By using the penalty method, you can reach the optimum while satisfying the constraints. Optimum point lies at the intersection of both the constraints (which makes both constraints active). It is recommended to change optimization parameters (such as starting point, penalty multiplier, etc.) and see how the solution changes.

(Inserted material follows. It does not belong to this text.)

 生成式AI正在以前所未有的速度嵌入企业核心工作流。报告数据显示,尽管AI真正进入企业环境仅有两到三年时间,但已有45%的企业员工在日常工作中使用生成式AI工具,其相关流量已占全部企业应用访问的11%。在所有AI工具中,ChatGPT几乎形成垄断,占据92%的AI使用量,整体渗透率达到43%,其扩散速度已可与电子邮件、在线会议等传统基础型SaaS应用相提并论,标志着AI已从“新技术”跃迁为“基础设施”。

NOTE: The optimization method used is
L-BGS-B
which is a modified version ofBFGS
for bounded optimization.
Question: Use SLSQP method for solving the original constrained optimization problem.
Answer: Below block of code defines various parameters for optimization using SLSQP method:
# Starting point
x0 = np.array([-2, -2])
# Solver
method = "SLSQP"
# Defines which finite difference scheme to use. Possible values are:
# "2-point" - forward/backward difference
# "3-point" - central difference
# "cs" - complex step
jac = "3-point"
# Defining dict for storing history of optimization
history = {}
history["x1"] = [x0[0]]
history["x2"] = [x0[1]]
history["f"] = [f(x0)]
history["g1"] = [g1(x0)]
history["g2"] = [g2(x0)]
# Solver options
options ={
"disp": True
}
# Setting bounds
bounds = [(-3,5), (-3,4)]
# Setting constraints - optimizer needs a list of Nonlinear constraints objects
# Read the documentation for more details.

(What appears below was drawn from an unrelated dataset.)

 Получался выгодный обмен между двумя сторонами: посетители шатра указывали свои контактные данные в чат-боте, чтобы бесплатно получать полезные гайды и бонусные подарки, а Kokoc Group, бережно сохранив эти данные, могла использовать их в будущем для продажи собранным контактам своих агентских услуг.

constraints = [NonlinearConstraint(g1, -np.inf, 0),
NonlinearConstraint(g2, -np.inf, 0)]
# Minimize the function
result = minimize(fun=f, x0=x0, method=method, jac=jac,
constraints=constraints, callback=callback,
options=options, bounds=bounds)
# Print value of x
print("Value of x1 at optimum: {}".format(result.x[0]))

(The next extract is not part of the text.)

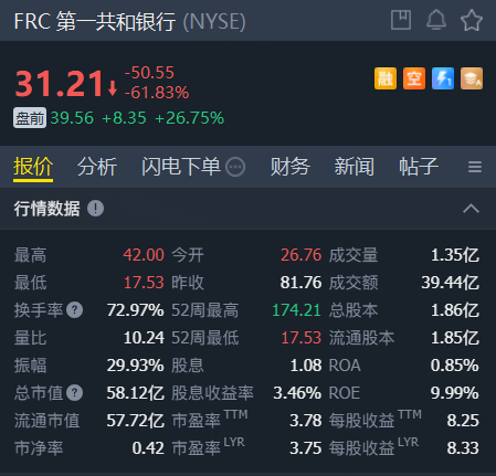 3月14日,周一暴跌超60%的第一共和银行盘前涨超26%。同时,阿莱恩斯西部银行涨13%,嘉信理财涨超5%。

print("Value of x2 at optimum: {}".format(result.x[1]))
print("Value of g1 at optimum: {}".format(g1(result.x)))
print("Value of g2 at optimum: {}".format(g2(result.x)))
# Convergence plots
opt_plots(history, method=method)
Optimization terminated successfully (Exit mode 0)
Current function value: -3.523406546437449
Iterations: 7
Function evaluations: 36
Gradient evaluations: 7
Value of x1 at optimum: 1.0623763071639867
Value of x2 at optimum: 2.120861810878845
Value of g1 at optimum: [2.46287879e-10]
Value of g2 at optimum: [2.22692002e-07]
SLSQP
reaches the same optimum as penalty method but with much less number of iterations (and function evaluations). It is specifically designed for constrained optimization and uses Quadratic Programming approach. It is recommended to use SQP based methods for constrained optimization.
SLSQP
method is very sensitive to the starting point. Try changing the starting point and see how the optimization path changes. For example, try (4,-2) as the starting point and you will see that the optimization process goes to the boundary of contour plot and reverts back towards to optimum since the bounds are provided to optimizer.